There are, however, reasonable, pro-consumer voices in the room at these NEPOOL IMAPP meetings. One of them is John Coyle, a Washington attorney who represents a coalition of municipally owned utilities in Massachusetts and Rhode Island. He has issued a notably lucid disquisition about NEPOOL IMAPP. Not only does Coyle crystallize the very real possibility that all of what’s under discussion is an impermissible usurpation of state authority (since the Federal Power Act does not give the FERC authority to promote renewable energy). He also offers a menu of four modest but “targeted” reforms that don’t involve the kind of sweeping market reinventions that the big generation companies are touting.
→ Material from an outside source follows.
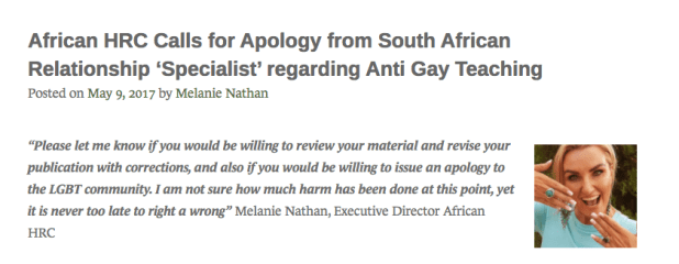 So I wrote her in my capacity as the Executive Director of The African Human Rights Coalition, asking for a correction and an apology and then attached my letter to an article, here: https://oblogdeeoblogda.me/2017/05/09/african-hrc-calls-for-apology-from-south-african-relationship-specialist-regarding-anti-gay-teaching/ . I know as a general rule the fundamentalist religious zealot type never yield and certainly did not expect her to respond, and that she would likely remain steadfast on her path. After all an apology would not serve the motivation.

The most intriguing: “revisions to the Forward Capacity Market rules to accommodate capacity bidding by storage resources (batteries, flywheels, pumped storage hydro and other forms of chemical and mechanical energy storage).” This resonates nicely with a tentative proposal made to the IMAPP crowd by Paul Peterson, the Synapse Energy Economics consultant who advises the OCA on NEPOOL matters.
Though NEPOOL and its IMAPP process are all happening behind closed doors, the public is well-advised to keep an eye on this process as billions of dollars in ratepayer money – and the future of our electricity grid – are at stake. No, the grid is not in danger of failing, in either the near or the long term. And, as John Coyle succinctly stated in his memo, “the only tool is not a hammer, and not every problem is a nail.”
[Apology and disclaimer: If you have read all the way to the end of such a long blog post, thank you! Please keep in mind that this is not journalism but a series of subjective impressions that are based on imperfect knowledge and thus may be subject to correction. The Office of the Consumer Advocate, of which I am the head, is an “end user” member of NEPOOL and thus we have a seat at this very big table and one small voice in the outcome. Our resources and insight are limited. Those with an interest in these efforts to create sweeping changes in our wholesale electricity markets – again – should keep an eye on the process here.]